Le gustaba decorar la casa con acebo y colgar el muérdago del beso.

Que la besaran le hacía reír todavía más que el vino de pera. El primer hombre que atravesaba el umbral llevaba la suerte siempre que su pelo fuera negro. El padre de Sally tenía que quedarse en casa toda la mañana de Navidad porque su pelo rojo llevaría consigo la mala suerte.

A Sally le encantaba la representación de la Natividad en la iglesia. Le gustaba ver a los monjes vestidos como reyes orientales y de ángeles y pastores. Se reía como una loca cuando todos los falsos ídolos caían derribados con la llegada de la Sagrada Familia a Egipto. Pero lo mejor de todo era el obispo adolescente. El tercer día de Navidad los monjes vestían al más joven de los novicios con la indumentaria de obispo, y todo el mundo tenía que obedecerle.

La mayoría de las gentes de la ciudad esperaban en el recinto del priorato a que saliera el obispo adolescente. La costumbre era que diera órdenes a los ciudadanos de más edad y dignidad para que realizaran tareas bajas, como ir a coger leña o limpiar las cochiqueras.
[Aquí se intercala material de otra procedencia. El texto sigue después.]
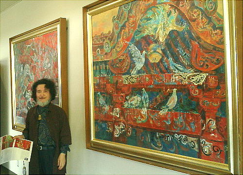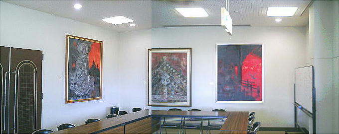 ここは八女のお菓子舗「隆勝堂」である。ここの社長が先生の絵のファンだそうで、部屋の一室が先生のギャラリーになっ

También se daba aires exagerados, haciendo gracias e insultando a quienes tenían autoridad. El año anterior hizo que el sacristán desplumara una gallina. El resultado fue hilarante, ya que éste no tenía la menor idea de cómo se hacía y había plumas por doquier.

Con gran solemnidad, apareció un muchacho de unos doce años, de sonrisa traviesa, vistiendo un ropón de seda púrpura y llevando un báculo de madera. Venía a hombros de dos monjes y llevaba tras de sí al resto del monasterio. Todo el mundo aplaudió y lanzó vítores. Lo primero que hizo fue señalar al prior Philip.

—¡Tú, muchacho! ¡Ve al establo y almohaza al asno!

Hubo un estallido de risas. Todo el mundo sabía que el viejo asno tenía un genio de todos los demonios y que jamás se le había cepillado.

—Sí, mi señor obispo —dijo el prior Philip, y con una mueca sonriente, se encaminó a realizar su tarea.

—¡Adelante! —ordenó el obispo adolescente.

La procesión salió fuera del recinto del priorato, con los ciudadanos a la zaga. Algunas gentes se ocultaban y echaban el cerrojo a sus puertas por temor a que los eligieran para hacer algún trabajo desagradable. Pero entonces se perdían la diversión. Allí se encontraba toda la familia de Sally. Sus padres, su hermano Tommy, la tía Martha e incluso el tío Richard que había regresado inesperadamente a casa la noche anterior.

El obispo adolescente los condujo primero a la cervecería, visita que era tradicional. Pidió cerveza gratis para él y para todos los novicios. El cervecero se la dio de buena gana.